Subsidies to reduce the risk of electricity blackouts should focus on energy storage and demand side response, according to MPs.

These smart technologies could make the UK’s energy grid cleaner, more flexible and secure, the Energy and Climate Change Select Committee said in its final report.

The report suggests that the current minimum-cost policy on backup winter power favours fossil fuels over technology that reduces demand. But a smart energy revolution would save more money and emissions over the long term, the MPs contend.

If current regulatory barriers to energy storage were removed, consumers could benefit from an estimated £7bn of annual savings. Changes to regulations on demand side response would help ease pressure on the grid, curb the use of diesel generation plants, lower carbon dioxide emissions and reduce bills.

Committee chair Angus MacNeil said: “The Government must get a move on and encourage the energy market to embrace smart technological solutions like energy storage and demand side response. There is an incredible opportunity for the UK to become a world leader in these disruptive technologies. Yet our current energy security subsidies favour dirty diesel generation over smart new clean tech solutions.”

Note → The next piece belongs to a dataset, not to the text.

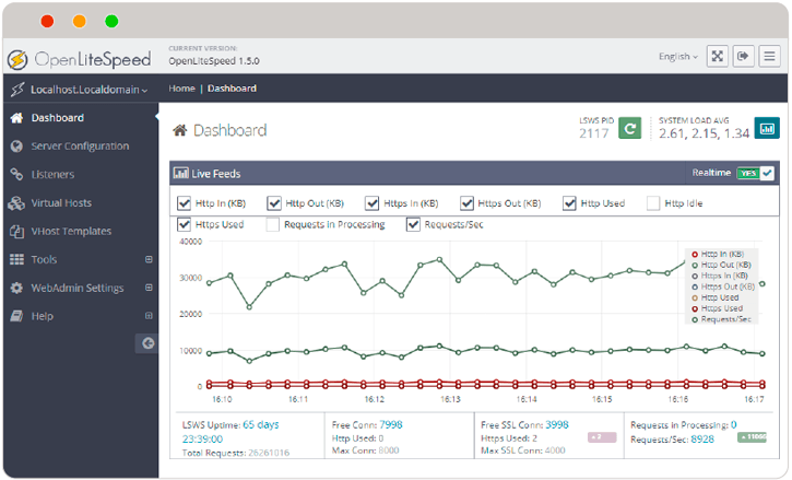 olarak baktığınızda litespeed in 7080 portunda çalıştığını görebilirsiniz port dışarıya açık değilse kullandığınız firewall üzerinden 7080 portunu açın ve http://ipadresi:7080 olarak panele giriş yapabilirsiniz.

The report calls for the subsidy scheme, known as the Capacity Market, to be redesigned to incentivise both energy storage and demand side response. The Government should also consider a possible subsidy framework for energy storage to accelerate deployment, the Committee said.

“The Government needs to tackle the issues making the economics of energy storage and demand side response challenging,” MacNeil concluded. “We need to learn from California where strong public financial support and clear legislation have helped develop a storage industry and integrate storage infrastructure into the grid.”